Detecting the most basic quantity of electronics, electric and magnetic fields, in space and time at nanometre, femtosecond, and millivolt resolutions should help researchers discover hidden mechanisms and design advanced ultrafast electronics beyond the state-of-the-art.

Methods

The terahertz circuit is produced on a 625-μm thick, undoped, double-side polished GaAs wafer (University Wafers) by ultraviolet lithography (Smartprint, Smartforce technologies) with a 1-μm thick photoresist layer (AZ MIR 701, Merck). The design of the structure is based on a 50 Ω impedance line, and the dimensions are chosen to minimise losses27. After developing (MIF, Merck), the terahertz structure is deposited by thermal evaporation of 300 nm of gold. A 5-nm thick layer of chromium is used for adhesion. Lift-off is done by dissolving the sacrificial resist layer in acetone. The holes for the electrons are then drilled by using 1030-nm femtosecond laser pulses (Pharos, Light Conversion) focused to 10 µm diameter with an f = 500 mm lens. Drilling takes about 3 s at about 3 W average power. The chip is then contacted with the bias source with silver paste, and a 50 Ω resistor between the ground and signal is contacted with wire bonds. Supplementary Fig. 1 shows optical and scanning electron microscopy images of our circuitry.

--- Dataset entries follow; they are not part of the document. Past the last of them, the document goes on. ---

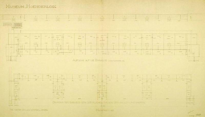 Ontwerp voor het museum bij de Franse Berg: Zicht op het terras (zonder bestrating) / grondplan van de basis van de westelijke muur van het 'Skulpturenhof', 4 augustus 1927
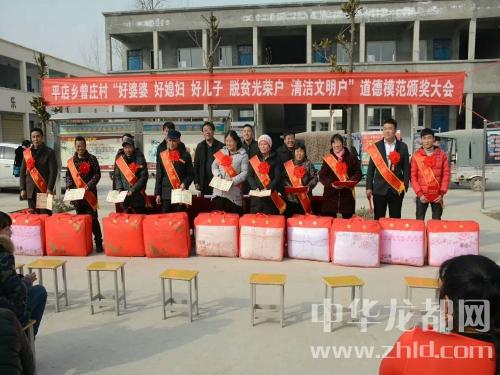 中華龍都網(wǎng)訊(周口報業(yè)全媒體記者 付永奇 趙永昌 文/圖))2月10日下午,商水縣平店鄉(xiāng)曾莊小學(xué)操場內(nèi),人頭攢動、熱鬧非凡,村里評選出來的10位好婆婆、好媳婦、好兒子、清潔文明戶、脫貧光榮戶等“五好”群眾代表身披綬帶、胸戴紅花,臉上都洋溢著幸福的喜悅;一些民間文藝團(tuán)體分別助興表演了挑花籃、扇子舞、廣場舞等喜慶的節(jié)目,把現(xiàn)場氣氛烘托得異常隆重?zé)崃摇!盀楹霌P(yáng)社會公德、家庭美德,提升群眾素質(zhì)和文明程度,春節(jié)來臨之際我們召開‘五好’表彰大會,下面有請鄉(xiāng)黨委副書記、鄉(xiāng)長徐汝濤給大家講話......”隨著主持人、鄉(xiāng)紀(jì)委書記劉新光的開場白,臺下響起了一陣熱烈的掌聲。“開展好婆婆、好媳婦、好兒子、清潔文明戶、脫貧光榮戶等模范家庭人物評選是我鄉(xiāng)精神文明建設(shè)工作的一項(xiàng)重大舉措,也是脫貧攻堅、農(nóng)村人居環(huán)境整治、文明鄉(xiāng)風(fēng)提升的部分內(nèi)容,更是弘揚(yáng)孝親敬老、勤勞致富、講究衛(wèi)生等優(yōu)良傳統(tǒng)的需要。全鄉(xiāng)各村都要通過召開評選表彰大會,引導(dǎo)廣大人民群眾學(xué)先進(jìn)、爭先進(jìn),為文明和諧平店建設(shè)做出更大的貢獻(xiàn)......”徐汝濤提出殷切的希望。曾莊行政村“兩委”成員、駐村工作隊(duì)、第一書記及部分群眾200余人參加了會議。與會領(lǐng)導(dǎo)為此次層層推薦評選出的好婆婆、好媳婦、好兒子、清潔文明戶、脫貧光榮戶頒發(fā)了榮譽(yù)證書和獎品。據(jù)村支部書記曾紀(jì)靈介紹,這些“五好”模范都有感人的故事,或是講究衛(wèi)生、勤儉持家,孝老敬親、患難與共;或是鄰里互助、脫貧致富;他們用實(shí)際行動證明了自己對文明風(fēng)尚的價值追求,在生活中書寫了一個個接地氣的好故事,為廣大家庭樹立了好榜樣。受表彰的好婆婆胡秀英說:“把媳婦當(dāng)閨女,啥時候也不會吵架生氣......”清潔文明戶朱國申說:“農(nóng)村環(huán)境臟亂差,咱要帶頭改變它......”脫貧光榮戶劉前進(jìn)說:“國家扶貧政策好,不如早點(diǎn)摘掉貧困帽!”
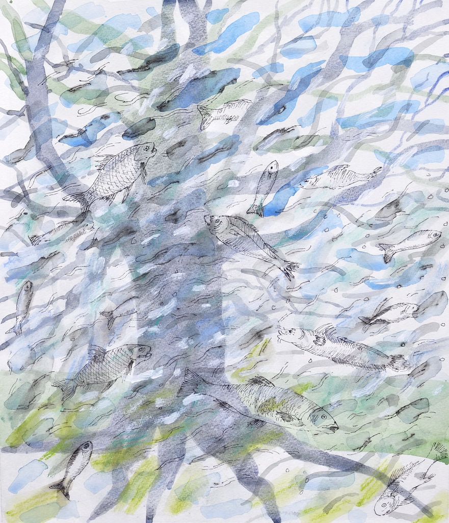 Werk gemaakt voor de biennale Noord Holland 2016, met als thema: Wassend Water. Basis van het werk is een aquarel, waarin getekend is met O.I. Inkt.
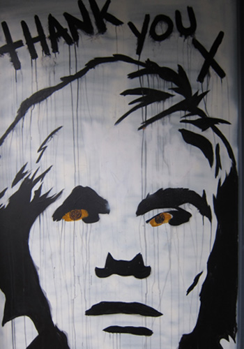 At San Francisco’s Vinyl Coffee and Wine Bar at Fell and Divisidero big bucks are paid for the Banksy-like work of Eddie Colla top and X’s “Thank you, Andy” at right.  The art successfully gives Vinyl some insider street cred in a traffic-challenged location.

Femtosecond electron pulses are produced by two-photon photoemission from a back-illuminated gold cathode at 70 keV36,37 by frequency-doubled femtosecond laser pulses of 270 fs pulse duration (Pharos, Light Conversion). The centre wavelength for photoemission is 515 nm, and the repetition rate is 50 kHz. The average number of electrons per pulse is kept below ten to avoid dispersion by space-charge effects42. The emittance of the electron beam at the source is ϵ ≈ 2 nm rad60 but later improved to ~100 pm rad by using a 20-µm aperture in a 100-µm beam. The electron pulses are compressed to ~100-fs duration by velocity-matched transmission through a metal membrane37 under illumination with terahertz radiation that is produced by Cherenkov radiation in a LiNbO3 slab61. All magnetic lenses for beam control are aligned for minimum temporal distortions48. The detector at 1.4 m distance from the specimen is a phosphor screen with a charge-coupled-device camera (TemCam-F416, TVIPS) with a pixel size of 15.6 μm. The electron pulse duration at the specimen and time-zero are characterised by all-optical streaking at a bow-tie resonator36. The pump laser pulses for triggering the DUT are compressed from 270 fs to 80 fs by cascaded χ(2) interactions62 and then frequency-doubled to 515 nm wavelength for efficient carrier-hole pair creation in the photoconductive switch. Measured electron beam intensities (integrated luminescence of the phosphor screen) in Fig. 2 are normalised to one. The relation between measured electron beam deflections and absolute voltages is calibrated with the help of the bias voltage; we find a linear response for the beam deflection with bias voltage in the entire range from −15 V to +15 V. The fitting error is computed as the residuals quadrature and minimised with a derivative-free Nelder–Mead simplex algorithm. By varying the initial guess parameters, we ensure consistent convergence of the fit and emergence of a global minimum (see Supplementary Fig. 2).